Assignment ▸ Repeat only the lines from the one containing "Handlungs-Gremien und Fabriken" to the final line below, exactly as they read, and leave every picture out.

Data provided ▸
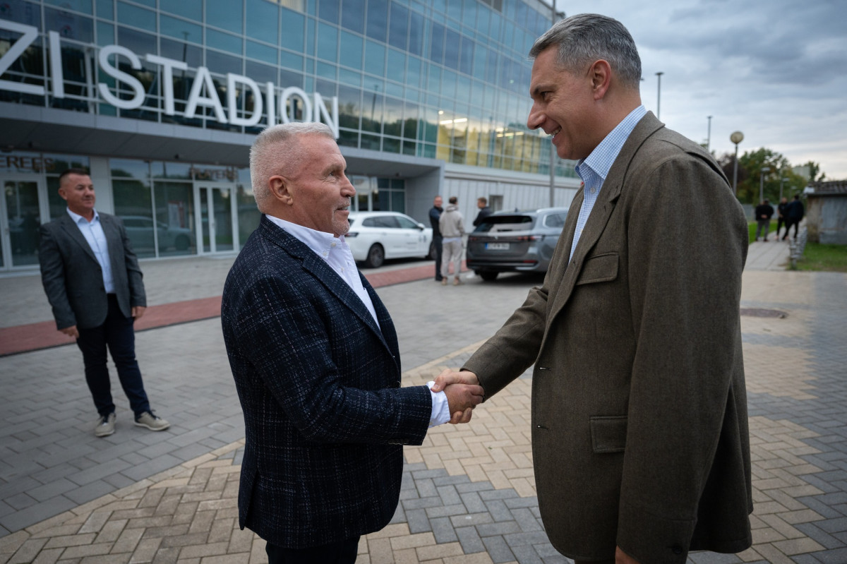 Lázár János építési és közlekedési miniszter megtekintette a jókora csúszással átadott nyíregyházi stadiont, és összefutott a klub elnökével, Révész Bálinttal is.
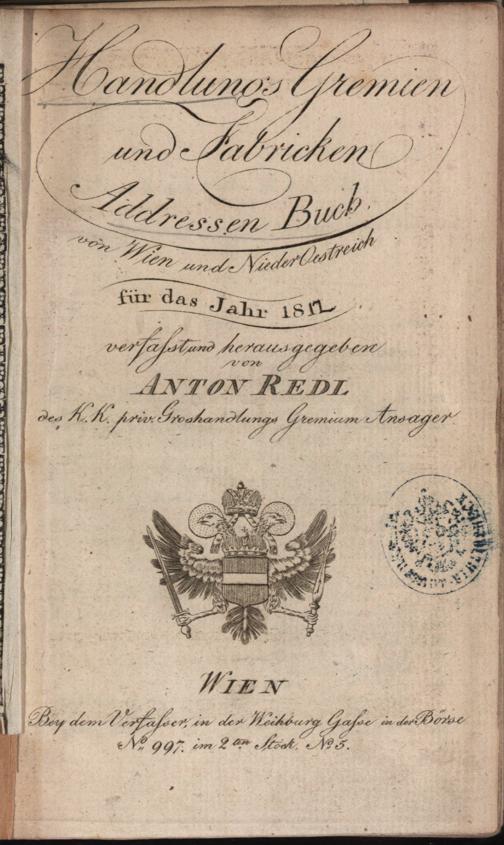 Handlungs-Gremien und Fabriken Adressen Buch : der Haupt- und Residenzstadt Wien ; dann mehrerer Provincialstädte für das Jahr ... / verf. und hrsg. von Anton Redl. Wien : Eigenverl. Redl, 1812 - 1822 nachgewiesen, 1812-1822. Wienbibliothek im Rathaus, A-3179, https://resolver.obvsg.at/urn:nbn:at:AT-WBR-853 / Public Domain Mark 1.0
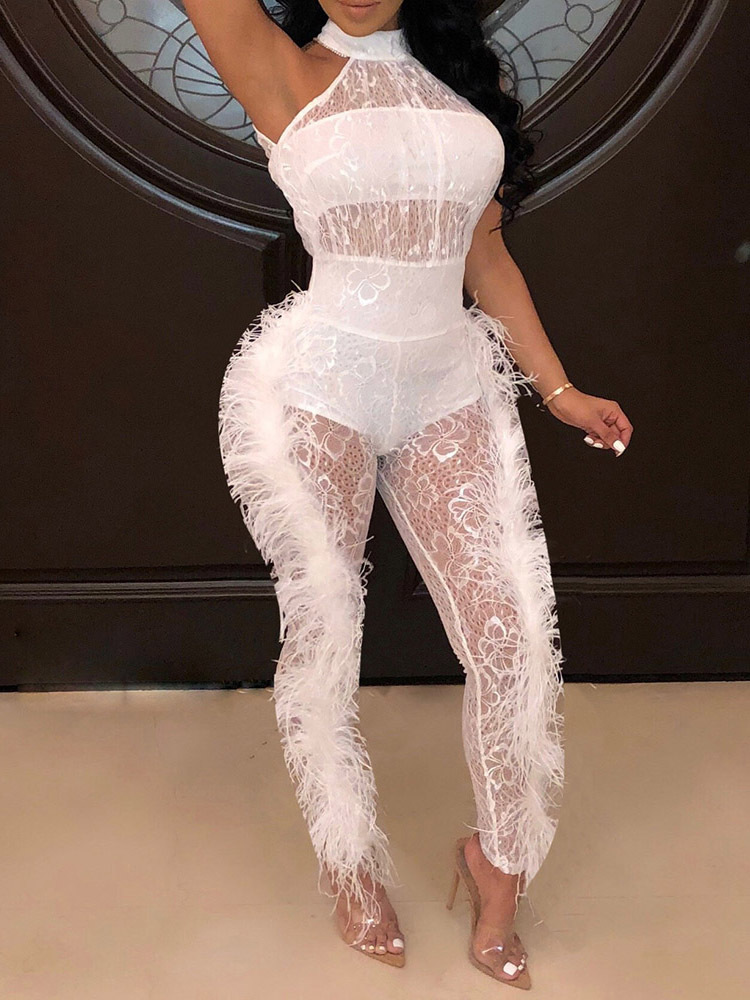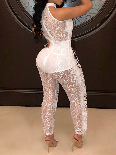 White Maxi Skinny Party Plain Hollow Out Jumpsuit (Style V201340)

Task response ▸
 Handlungs-Gremien und Fabriken Adressen Buch : der Haupt- und Residenzstadt Wien ; dann mehrerer Provincialstädte für das Jahr ... / verf. und hrsg. von Anton Redl. Wien : Eigenverl. Redl, 1812 - 1822 nachgewiesen, 1812-1822. Wienbibliothek im Rathaus, A-3179, https://resolver.obvsg.at/urn:nbn:at:AT-WBR-853 / Public Domain Mark 1.0
 White Maxi Skinny Party Plain Hollow Out Jumpsuit (Style V201340)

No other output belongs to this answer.